# What to work on
A verbatim restatement of the data, free of pictures, is what you should output.

# Exercise data
= = = = = = =

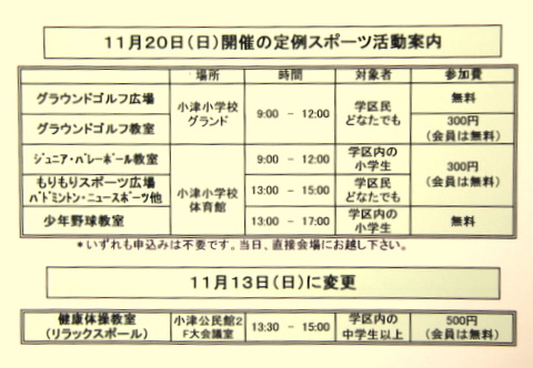 11月20日(日) 11月度 定例スポーツ活動のご案内
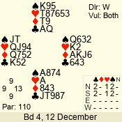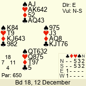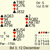 | 3 NT | S | +1 | 430 | 6 | 10 - 11 | 12 | 10 |
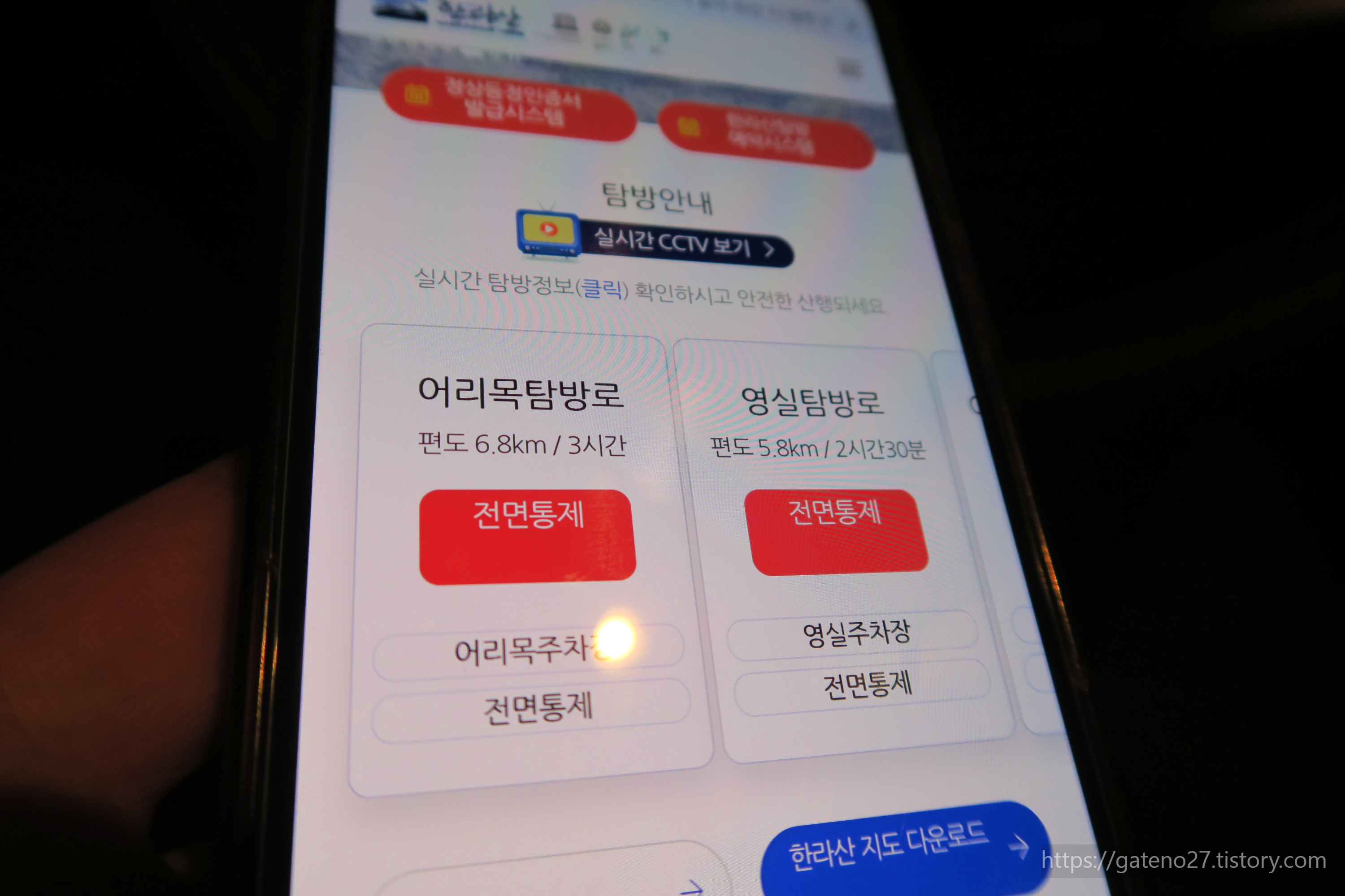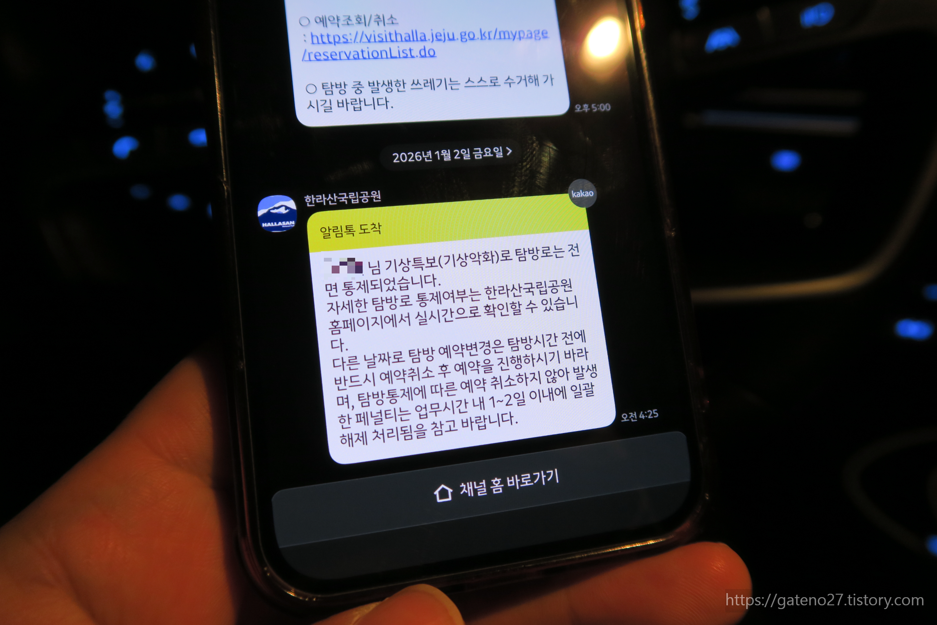 그리고 25분 뒤, 운전 중에 문자를 한 통 받았다. 대설로 인한 전면통제. 한라산 모든 등반 코스에 빨간색으로 전면통제 불빛이 들어와 있다.

= = = = = = =

# Your solution
 11月20日(日) 11月度 定例スポーツ活動のご案内
 | 3 NT | S | +1 | 430 | 6 | 10 - 11 | 12 | 10 |
 그리고 25분 뒤, 운전 중에 문자를 한 통 받았다. 대설로 인한 전면통제. 한라산 모든 등반 코스에 빨간색으로 전면통제 불빛이 들어와 있다.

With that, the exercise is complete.